What you are asked to do: Word for word, copy the line that contains "4 vias de 0,40" and each line after it in the data below. Pictures stay out of the copy.
===== The data =====
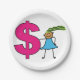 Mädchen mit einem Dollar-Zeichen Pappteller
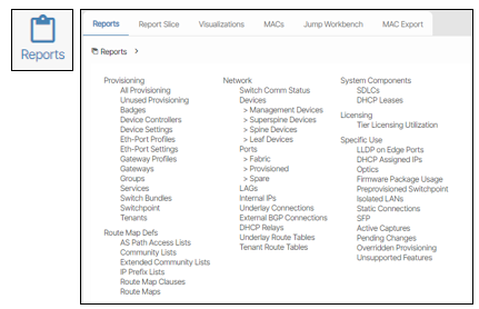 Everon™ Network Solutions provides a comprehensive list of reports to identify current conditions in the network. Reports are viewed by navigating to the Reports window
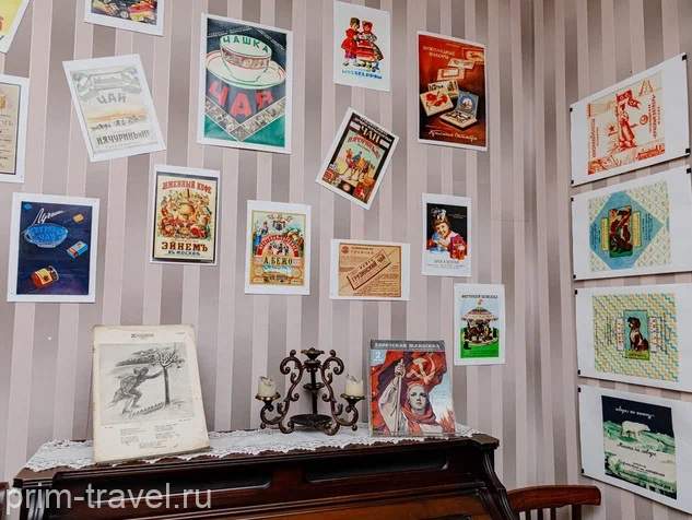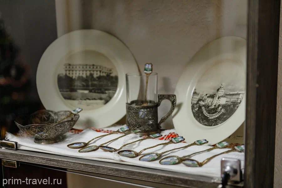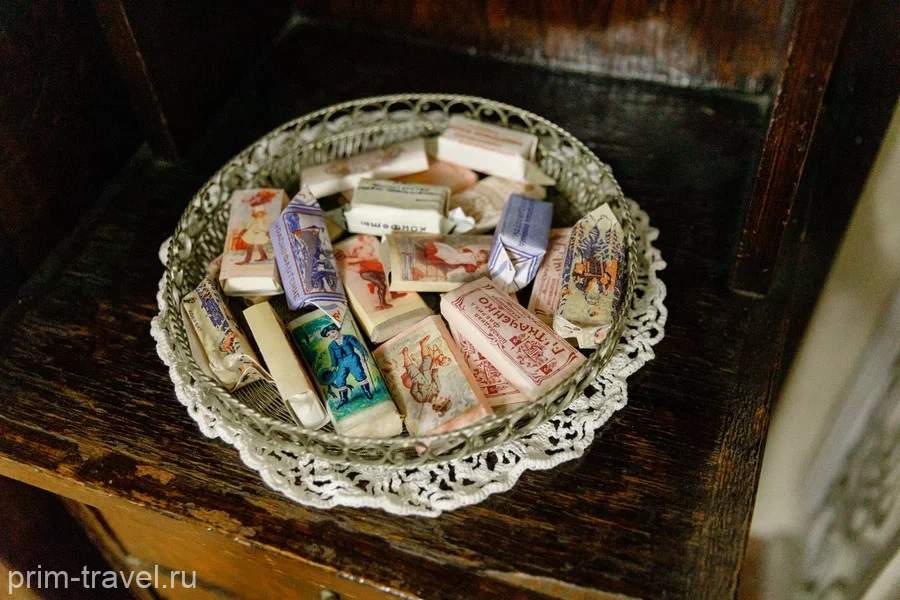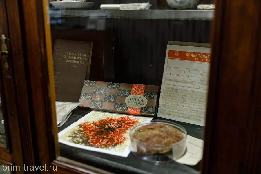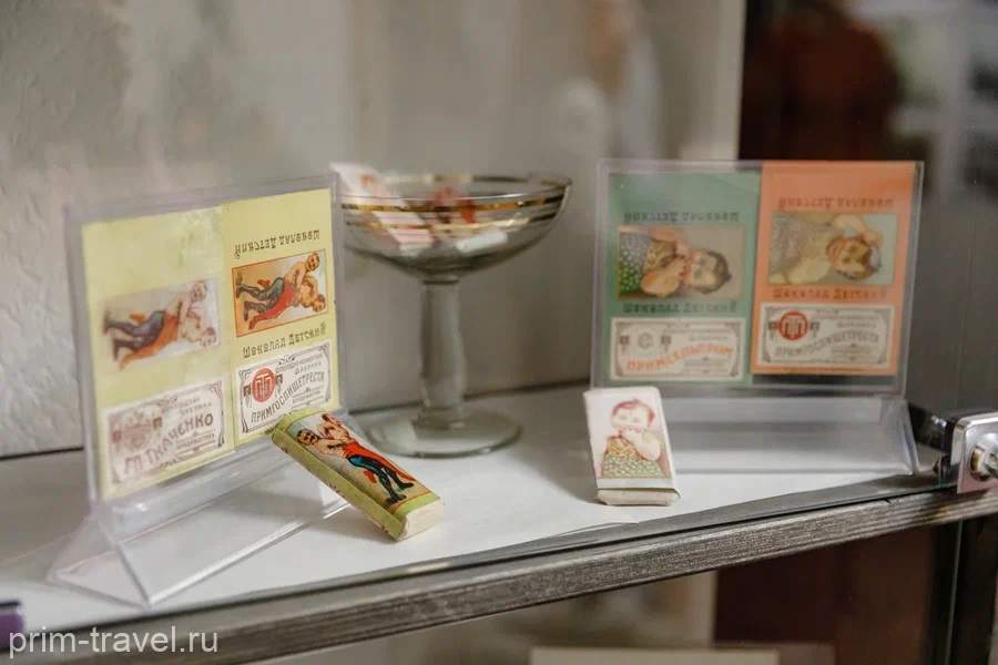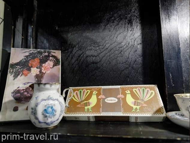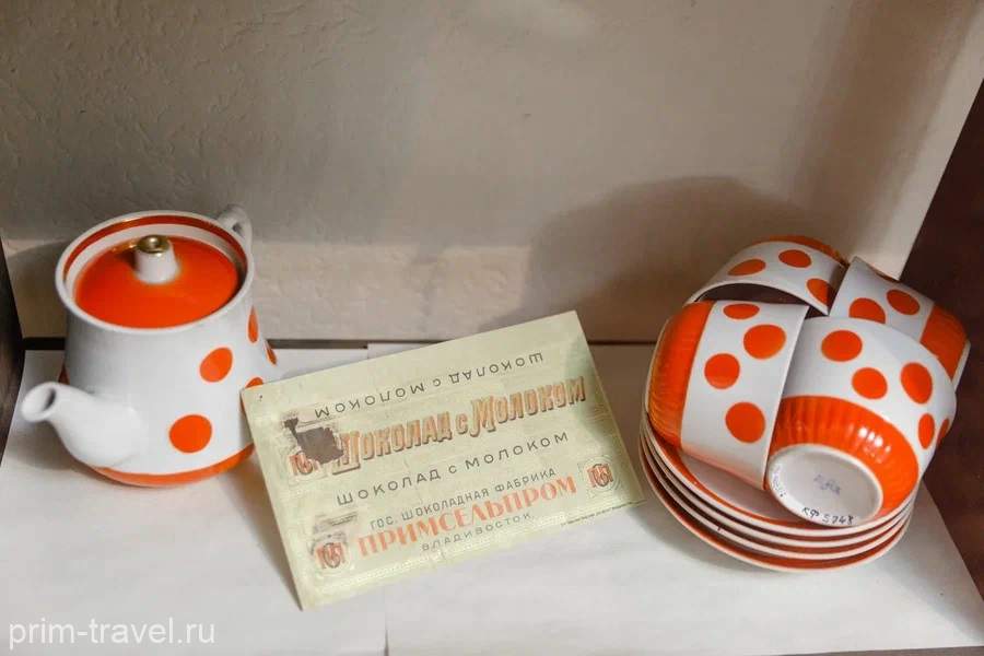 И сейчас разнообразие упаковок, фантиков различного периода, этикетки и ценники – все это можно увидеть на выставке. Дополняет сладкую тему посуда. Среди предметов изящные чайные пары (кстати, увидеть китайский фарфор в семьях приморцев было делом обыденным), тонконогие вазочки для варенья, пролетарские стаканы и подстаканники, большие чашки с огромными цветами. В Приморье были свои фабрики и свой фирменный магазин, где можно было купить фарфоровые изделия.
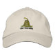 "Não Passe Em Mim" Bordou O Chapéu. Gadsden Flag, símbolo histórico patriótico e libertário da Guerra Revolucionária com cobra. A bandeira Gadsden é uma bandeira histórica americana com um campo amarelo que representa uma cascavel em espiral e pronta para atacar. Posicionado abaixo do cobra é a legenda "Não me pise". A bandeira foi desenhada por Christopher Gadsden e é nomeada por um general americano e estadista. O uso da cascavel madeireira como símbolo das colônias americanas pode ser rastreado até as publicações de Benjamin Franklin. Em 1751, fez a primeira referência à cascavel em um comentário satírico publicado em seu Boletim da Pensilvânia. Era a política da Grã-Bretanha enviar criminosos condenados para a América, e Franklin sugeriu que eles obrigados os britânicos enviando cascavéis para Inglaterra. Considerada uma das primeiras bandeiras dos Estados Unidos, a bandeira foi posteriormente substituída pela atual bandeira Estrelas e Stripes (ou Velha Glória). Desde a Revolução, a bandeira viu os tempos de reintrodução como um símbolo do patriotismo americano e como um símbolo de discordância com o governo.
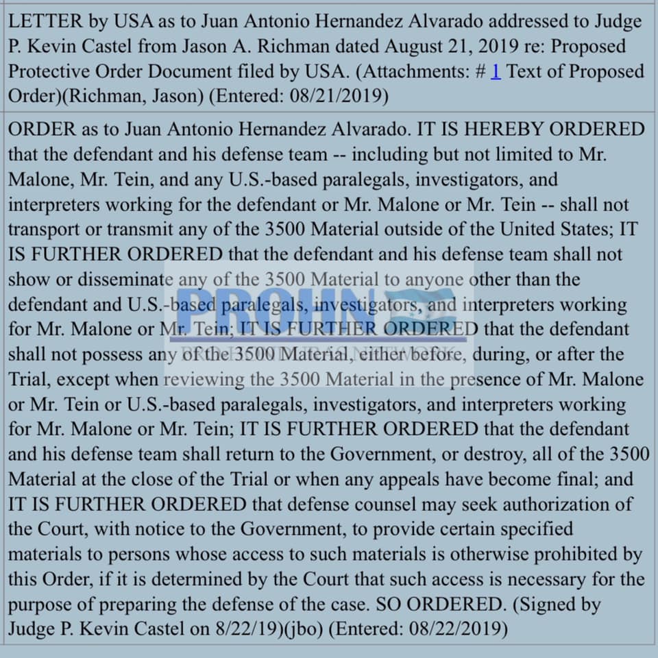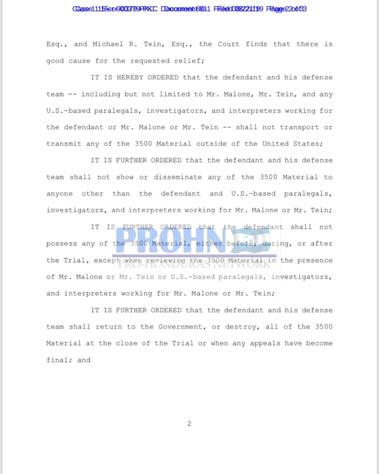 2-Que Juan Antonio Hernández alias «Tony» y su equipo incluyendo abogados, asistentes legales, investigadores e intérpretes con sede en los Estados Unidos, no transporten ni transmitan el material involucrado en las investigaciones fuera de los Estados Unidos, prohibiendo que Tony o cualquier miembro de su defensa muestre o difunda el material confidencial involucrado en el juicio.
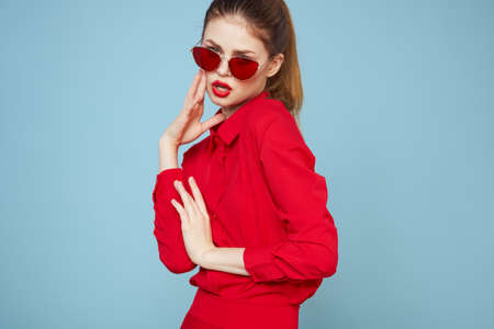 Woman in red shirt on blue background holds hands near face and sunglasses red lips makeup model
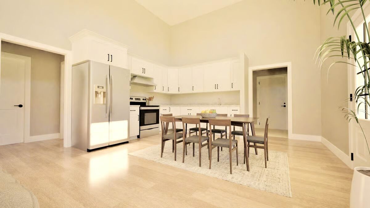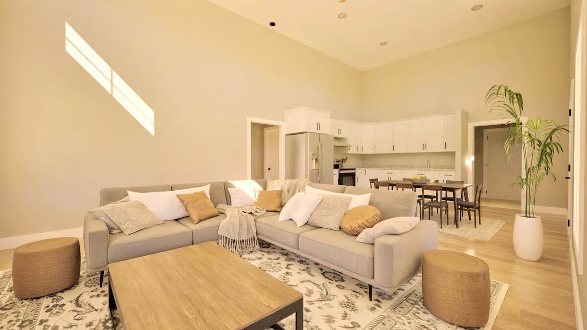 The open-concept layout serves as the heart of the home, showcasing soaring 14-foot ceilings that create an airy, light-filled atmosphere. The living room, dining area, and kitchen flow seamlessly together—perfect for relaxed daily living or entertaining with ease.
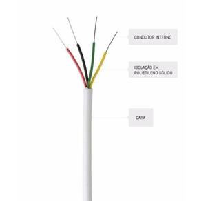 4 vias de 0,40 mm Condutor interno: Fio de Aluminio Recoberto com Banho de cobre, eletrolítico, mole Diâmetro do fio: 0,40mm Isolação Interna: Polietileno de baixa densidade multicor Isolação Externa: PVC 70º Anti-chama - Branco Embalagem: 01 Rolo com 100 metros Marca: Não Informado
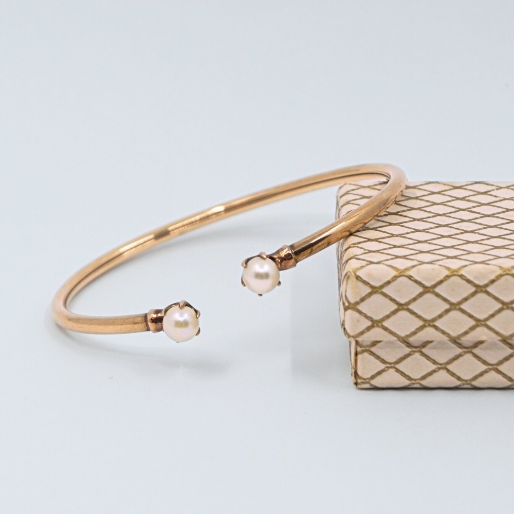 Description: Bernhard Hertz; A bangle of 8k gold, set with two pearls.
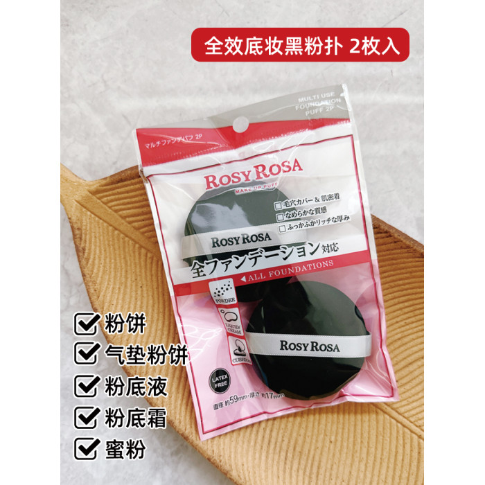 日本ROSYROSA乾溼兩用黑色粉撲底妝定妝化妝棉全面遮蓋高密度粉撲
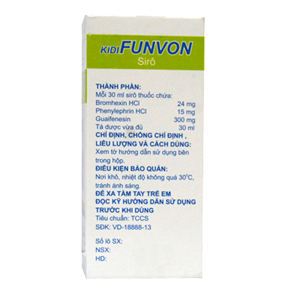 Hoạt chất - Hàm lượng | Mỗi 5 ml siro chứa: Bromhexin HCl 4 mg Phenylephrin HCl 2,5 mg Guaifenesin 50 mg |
=====
Reply to the task:
 4 vias de 0,40 mm Condutor interno: Fio de Aluminio Recoberto com Banho de cobre, eletrolítico, mole Diâmetro do fio: 0,40mm Isolação Interna: Polietileno de baixa densidade multicor Isolação Externa: PVC 70º Anti-chama - Branco Embalagem: 01 Rolo com 100 metros Marca: Não Informado
 Description: Bernhard Hertz; A bangle of 8k gold, set with two pearls.
 日本ROSYROSA乾溼兩用黑色粉撲底妝定妝化妝棉全面遮蓋高密度粉撲
 Hoạt chất - Hàm lượng | Mỗi 5 ml siro chứa: Bromhexin HCl 4 mg Phenylephrin HCl 2,5 mg Guaifenesin 50 mg |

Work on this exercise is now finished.